How can this be? Home health agencies aren’t required to do background checks on people who provide in-home care services for people with disabilities?
According to a report recently released by the U.S. Office of the Inspector General, that is the reality in 10 states–Alabama, Connecticut, Georgia, Hawaii, Montana, New Jersey, North Dakota, South Dakota, West Virginia and Wyoming. These states lack any requirements for home health agencies to vet their workers against criminal databases or abuse and neglect databases before sending them out on the job. Four of those ten states–Connecticut, Georgia, Hawaii and West Virginia–say they are planning on implementing background checks.
With no federal laws in place establishing minimum safeguards, I guess it could be considered good news that 40 states and the District of Columbia have instituted their own requirements, but they vary widely from state to state, and in 15 of those states employment can begin prior to the background checks being completed.
Regulations in 35 states bar individuals with specific convictions from becoming home health workers, but they differ on which offenses disqualify a person. Some states require background checks on both the federal and state levels, while other states only check for state-level convictions.

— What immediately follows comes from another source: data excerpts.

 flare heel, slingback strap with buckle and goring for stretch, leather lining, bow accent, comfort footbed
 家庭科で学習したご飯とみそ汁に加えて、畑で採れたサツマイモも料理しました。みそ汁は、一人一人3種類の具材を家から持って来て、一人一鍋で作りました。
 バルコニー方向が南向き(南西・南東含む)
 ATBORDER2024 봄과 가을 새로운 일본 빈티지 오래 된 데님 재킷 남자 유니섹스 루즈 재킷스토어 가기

Some states require checks only on certain people, depending on the job duties or the length of residence in the state. For instance, a state might require background checks only on a person who enters the beneficiary’s home or who provides direct care. As for length of residence, if the person has resided in the state for more than 5 years, they may do only a state background check, but if the person has lived there only 18 months, they may do an FBI check as well as state.

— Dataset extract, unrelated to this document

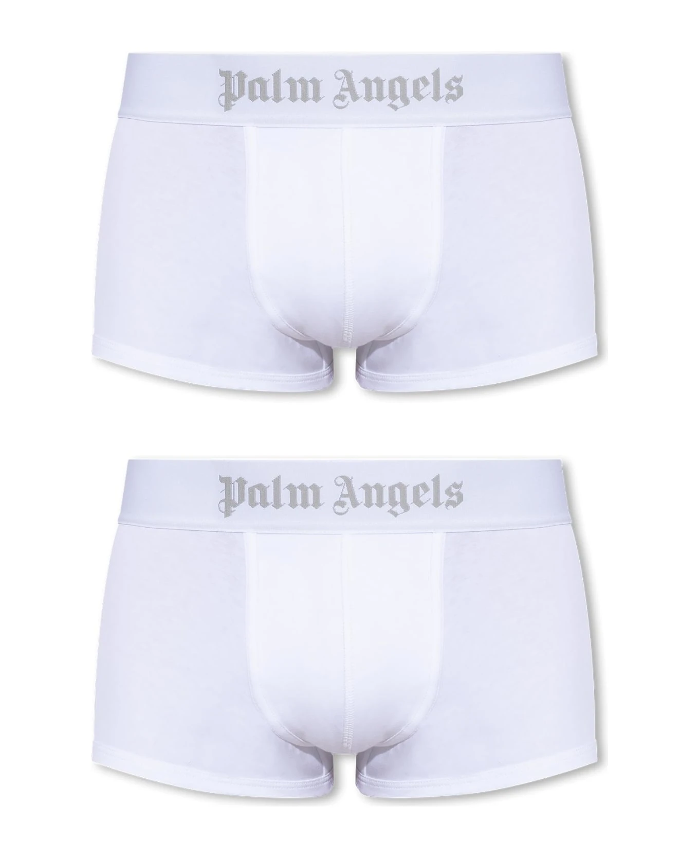 2-pack of white boxers from Palm Angels. Made of cotton, this pair features an elastic waistband with a grey logo.

Here in California, background checks are required only for certain people and the check is done only on the state level.
The Office of the Inspector General is currently working on a second study that will cover how many people with criminal convictions have been hired by home health agencies as of January 1, 2014, and how many of those have convictions that potentially disqualify them for those jobs. It will also look at the procedures used to perform background checks on prospective employees. Results will be released later this year.